Conversion and Lowering

The following conversions and optimizations are necessary before a PyTorch operator is converted MHLO operators:

  • Inline the functions and methods
  • Freeze the parameters while reserving the required attributes
  • Materialize the ranks and data types of the tensors and parameters
  • Statically imitate and fold python operations, such as operations on List and Dict
  • Run compiler optimization passes like constant folding and dead code elimination
  • Do aliasing analysis and rewrite in-place operations to out-of-place corresponding versions, since MHLO is an SSA IR and the in-place semantics have to be eliminated

Clustering and Fallback

MHLO can only support a subset of operators of TorchScript where tensors are immutable values. TorchBlade addresses such issues with a clustering and fallback mechanism:

  • Iteratively run the "conversion and lowering" passes to clean pythonic IR's and simplify the TorchScript graph closer to computations with SSA semantics
  • Collect the supported subset of nodes from the simplified TorchScript graph
  • Do clustering on the supported subset of nodes, with the consideration to avoid cyclic
  • Finally, merge the clustered subgraph and convert it to MHLO; All the left nodes will fallback to PyTorch/TorchScript runtime

IR Converters

To add a new converter from PyTorch to MHLO, please refer to "How To Add a New Torch Operator"

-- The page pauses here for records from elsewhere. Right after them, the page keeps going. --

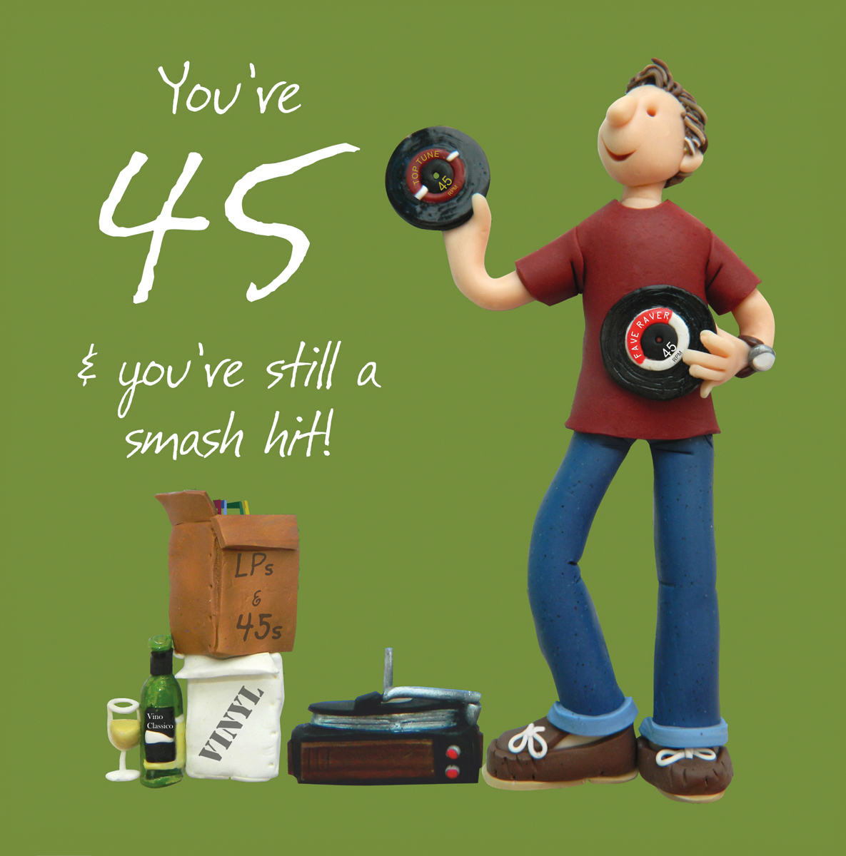 Holy Mackerel forty five and a smash hit male 45th birthday card for him - designed by artist Erica Sturla - 15cm square and blank inside for your message - made in the UK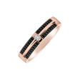 An enchanting ring in 14ct rose and black gold with white and black diamonds exemplifies elegance in its purest form. Its high-quality diamonds create a contrast between black and white, adding a subtle yet distinctive sparkle that radiates confidence and beauty. The jewelry is part of the Luxury Classic collection.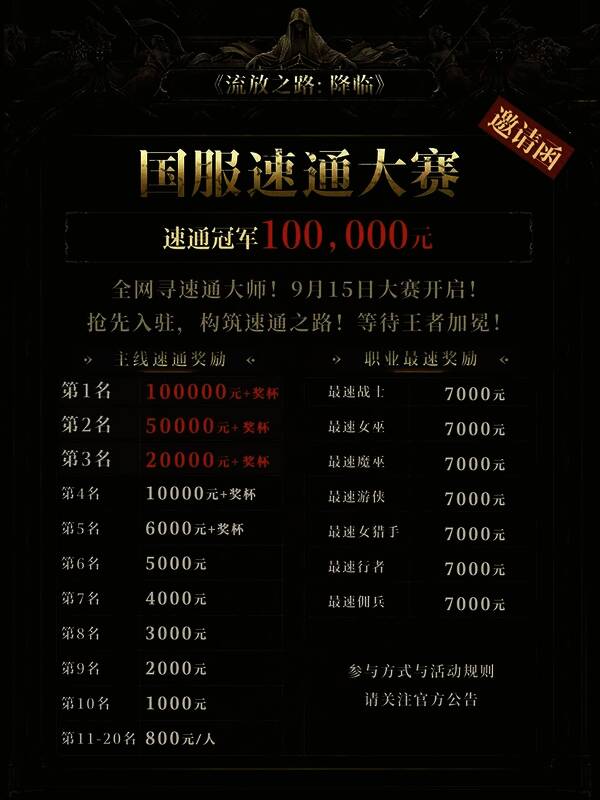 《流放之路:降临》将在抖音平台同步开启“国服速通大赛”,面向全网征集速通高手。9月15日至9月28日活动期间,主线速通榜前二十名可获得丰厚奖励,七大职业的最速通关者还将获得额外奖励。

Runtime(RAL, Runtime Abstraction Layer)

The runtime of BladeDISC compiler, more details

Some Noteworthy Details

Relations Between aten::Tensor and MHLO Tensor

An aten::Tensor is a memory buffer with shapes that can be viewed and modified in place. However, MHLO Tensor is immutable. Any operations on MHLO Tensors will create new MHLO Tensors. The memory buffer does not exist in the IR until the phrase lowers IR to LMHLO.

To enlarge the supported region in TorchScript graph, TorchBlade tries to eliminate memory-write operations as much as possible and only clusters those graph nodes that will not cause data hazards.

Relations Between Scalar and 0-Rank Tensor

  • A torch aten::Tensor can be viewed, reshaped, sliced, and modified. But a torch Scalar can't
  • A 0-rank Tensor in MHLO is equivalent to a Scalar, and they can be converted to each other. Scalar is preferred in TorchBlade, because it's semantic is more precise. And Scalars would be converted 0-rank Tensors if need
  • In TorchBlade, torch Scalar was converted to mlir standard dialect operator mlir::ConstantOp since Scalar is immutable

How TorchBlade Converts List[Scalar] and List[Tensor]

TorchBlade only converts List of Scalars and Tensors whose elements can be analyzed statically at conversion time for now. Once the elements are known, we will imitate the operations of List at conversion time, so there is no need to preserve List anymore. Otherwise, the List operations will be left unsupported and fall back to PyTorch runtime, so does Dict.